◆ **ACTIVITY**: In the listing below, find the line containing "Post - Handbuch" and the line containing "exp_2015_08_07 % |". Repeat exactly those two lines and every line between them, nothing more.

┌─ DATA FOR THE TASK

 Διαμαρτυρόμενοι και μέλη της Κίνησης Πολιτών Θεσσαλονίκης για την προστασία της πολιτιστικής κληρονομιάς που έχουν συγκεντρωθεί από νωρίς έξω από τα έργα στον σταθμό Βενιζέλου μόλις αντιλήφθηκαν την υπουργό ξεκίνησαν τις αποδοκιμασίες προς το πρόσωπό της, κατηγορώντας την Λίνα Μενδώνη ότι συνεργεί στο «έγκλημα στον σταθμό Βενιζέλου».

└─
┌─ DATA FOR THE TASK

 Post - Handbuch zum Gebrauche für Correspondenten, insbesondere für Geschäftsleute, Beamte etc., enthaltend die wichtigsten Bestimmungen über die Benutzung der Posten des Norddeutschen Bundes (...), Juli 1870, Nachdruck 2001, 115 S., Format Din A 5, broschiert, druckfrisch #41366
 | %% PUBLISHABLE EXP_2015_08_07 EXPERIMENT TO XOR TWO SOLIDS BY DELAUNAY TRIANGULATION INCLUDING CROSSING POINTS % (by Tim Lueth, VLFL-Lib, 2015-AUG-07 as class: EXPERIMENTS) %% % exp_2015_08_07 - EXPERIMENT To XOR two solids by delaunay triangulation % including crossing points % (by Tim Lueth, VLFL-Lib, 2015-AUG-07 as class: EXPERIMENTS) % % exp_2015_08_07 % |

└─

◆ **EXPECTED OUTPUT**:
 Post - Handbuch zum Gebrauche für Correspondenten, insbesondere für Geschäftsleute, Beamte etc., enthaltend die wichtigsten Bestimmungen über die Benutzung der Posten des Norddeutschen Bundes (...), Juli 1870, Nachdruck 2001, 115 S., Format Din A 5, broschiert, druckfrisch #41366
 | %% PUBLISHABLE EXP_2015_08_07 EXPERIMENT TO XOR TWO SOLIDS BY DELAUNAY TRIANGULATION INCLUDING CROSSING POINTS % (by Tim Lueth, VLFL-Lib, 2015-AUG-07 as class: EXPERIMENTS) %% % exp_2015_08_07 - EXPERIMENT To XOR two solids by delaunay triangulation % including crossing points % (by Tim Lueth, VLFL-Lib, 2015-AUG-07 as class: EXPERIMENTS) % % exp_2015_08_07 % |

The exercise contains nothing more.